Every day was a blessing, the preacher said, in Brenda Wilson’s life.

“When she came out of the house, she was ready to meet the world,” Herrmann said. “Hairstyle, make-up, clothes, shoes, accessories and smile. That all-important smile that allowed her inner beauty to shine through and brighten your day. She loved to make life with you, whether she held scissors, cards, a fork, a hymn, or your hand. She loved spending time with you.

And how Brenda Wilson adored these six grandchildren during her retirement years like only a grandmother could.

“This horrible disease”

Primary progressive aphasia is a cruel disease.

It can affect your ability to speak, remember, and possibly take away your motor skills.

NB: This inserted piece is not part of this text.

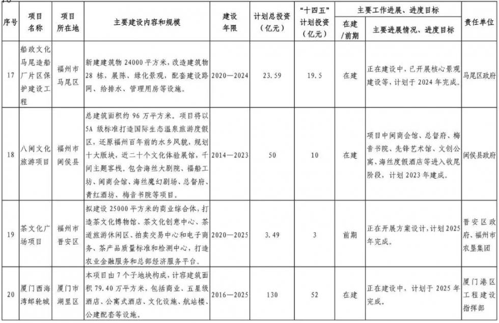 船政文化马尾造船厂片区保护建设工程,新建建筑物24000平方米,改造建筑物28栋,建设展陈、绿化景观,配套建设路网、给排水、管理用房等设施,计划总投资23.59亿元。项目正在建设中,计划2024年完成。
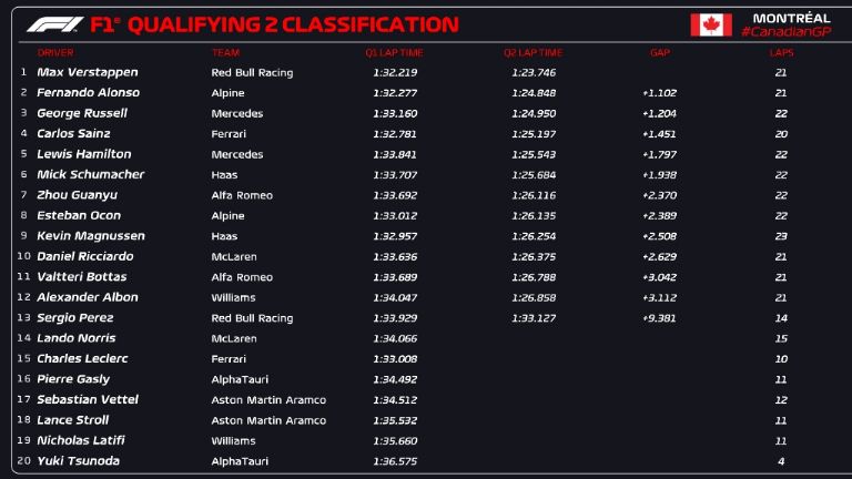 Lista de eliminados en esta Q2 para el GP de Canadá

“During this horrible illness she endured,” said the preacher. “His trust and faith in his God never wavered. She knew his blessings and rested in him during difficult times. She knew her earthly blessings, and the blessings that awaited her in heaven far exceeded the struggles of the past few years.

“She was a woman of strong faith who feared the Lord, which means she was in awe of who he was as the creator of the world… the one who gave her this life and a savior in Jesus Christ. Brenda’s faith made her the person we loved, admired and could make us laugh about. Her faith guided her to treat you as she wanted to be treated and loved. She praised her Lord. Even then, she could barely utter a word, she was singing.

Brenda Heath Wilson passed away on August 29, her family by her side. She was 75 years old.

“She loved,” says Betty Moore, “and she knew she was loved.”

In her last years there were trips to Betty Moore’s farm in Wade, where Brenda Wilson loved the scenery and being with her sister Phyllis Highsmith and brother Johnny Heath in what was “the place happy” by Brenda Wilson during these tender Wednesday afternoons.

“She was larger than life,” says Phyllis Highsmith. “She had a spirit. She was my hero. She paved the way for me when we were little and teenagers. She was my protector. I was her biggest fan, and she was mine. She taught me how to dance and how to do makeup. She gave me confidence. She made me want to be a better person. She had so many wonderful qualities. Behind all that beauty and poise and grace, she could go from that beauty queen smile to a Hee-Haw moment. I am so grateful to God who chose her to be my sister.


A daughter stood tall and solemn on this celebrated and remembered day in a mother’s life.

“I thought Mom would live to be 90,” Heather Wilson Tuttle told us. “She fought so hard until the end. ‘Because you loved me’, the song came out the other day. It sums up how I feel about her. ‘You were my strength…I’m everything what I am because you loved me.”

There would be no final farewell.

“I’m not saying goodbye, mom,” a girl would say. “I say I’ll see you later.”

Bill Kirby Jr. can be reached at or 910-624-1961.